Tierpark Berlin is a member of the European Association of Zoos and Aquaria (EAZA) and participates in about 120 breeding programmes (EEP). It maintains the international studbooks for endangered species of deer and wild asses of Asia and Africa as well as the European studbook for little pied cormorants. The zoo further participates in attempts of reintroducing species to areas where they have become endangered or extinct and it financially supports selected in situ projects for the protection of natural habitats.

==History==
Founded in 1955, it was originally established as a counterpart of the famous Berlin Zoological Garden, which was located in what was then West Berlin and soon to be out of reach for residents of the former eastern sector. The initial bear enclosures featured natural rocks and artificial waterfalls, while large paddocks surrounded by old trees and canals were designed for camels and bison. In the following years and decades, other exhibits, aviaries, and larger buildings were added to accommodate a selection of carnivores, ungulates, reptiles and birds, as well as primates, including great apes. A large building for both African and Asian elephants and other pachyderms was completed just a few years before East and West Berlin were reunited.

Despite serious discussions dealing with a possible closure of the park, the 1990s saw a process of replacing improvised or damaged structures as well as expanding the zoo with new areas for African ungulates and primates, as well as species from alpine regions of Asia and Europe. At the same time, Berlin Tierpark, which now was designated to complement Berlin Zoological Garden, had to give up some species such as great apes. In recent years, the zoo has become famous for its successful elephant breeding program. It is also one of the few zoos in Western Europe that houses various large herds of ungulates, including some rarely kept species such as muskoxen and takin. It has the most diverse collection of hoofed mammals in Europe. Due to economic challenges, Berlin Tierpark recently issued a new master plan which identifies a number of potential attractions and revenues, though the funding for the proposed projects is not clear.

Tierpark Berlin has faced several controversies in the past, including allegations in 2008 by Green Party politician Claudia Hämmerling that it illegally sold animals, such as a pygmy hippopotamus and several Asiatic black bears, for slaughter under its former director Bernhard Blaszkiewitz (also the director of the Berlin Zoo).
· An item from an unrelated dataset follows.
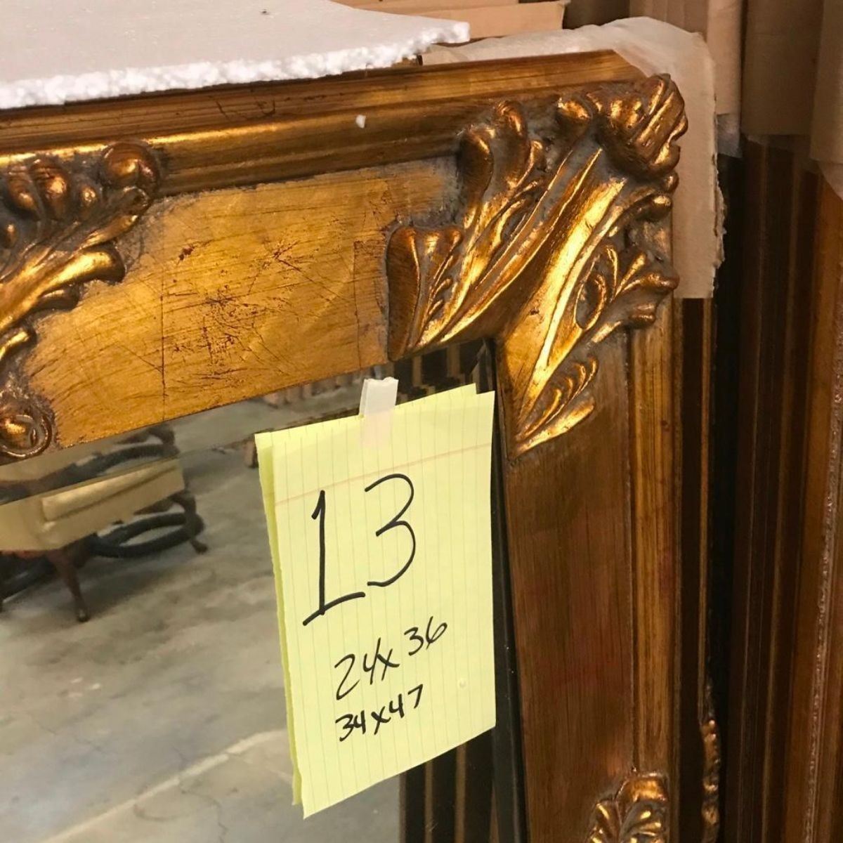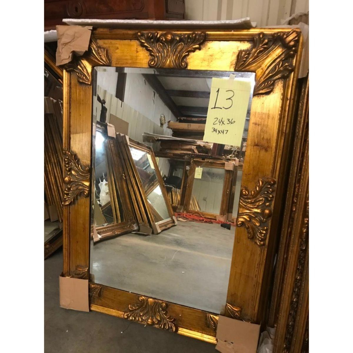 Carved Florentine-style gilt over solid wood frame, 34" X 47" overall, inset with 24" X 36" beveled mirror glass. **** this is a solid wood, heavyweight item, requiring special pick up/ delivery arrangements.Â

The same year, Blaszkiewitz faced criticism for breaking the necks of several feral domestic housecat kittens at the Berlin Zoo. A polar bear cub born in 2018 was found to be the offspring of bears who were brother and sister, accidentally housed together due to a studbook error.

== Statistics ==

| Animals | Number | Species |
|---|---|---|
| Mammals | 1,283 | 199 |
| Birds | 2,380 | 356 |
| Reptiles | 508 | 103 |
| Amphibians | 55 | 3 |
| Fish | 938 | 106 |
| Invertebrates | 2,086 | 79 |
| Total (2013) | 7,250 | 846 |

== Directors ==
The first director (1955–1990) of the Tierpark Berlin-Friedrichsfelde, Heinrich Dathe, was a well-known scientist. He edited five scentitific journals and wrote more than 1,000 scientific and popular papers and books. He was succeeded by Bernhard Blaszkiewitz.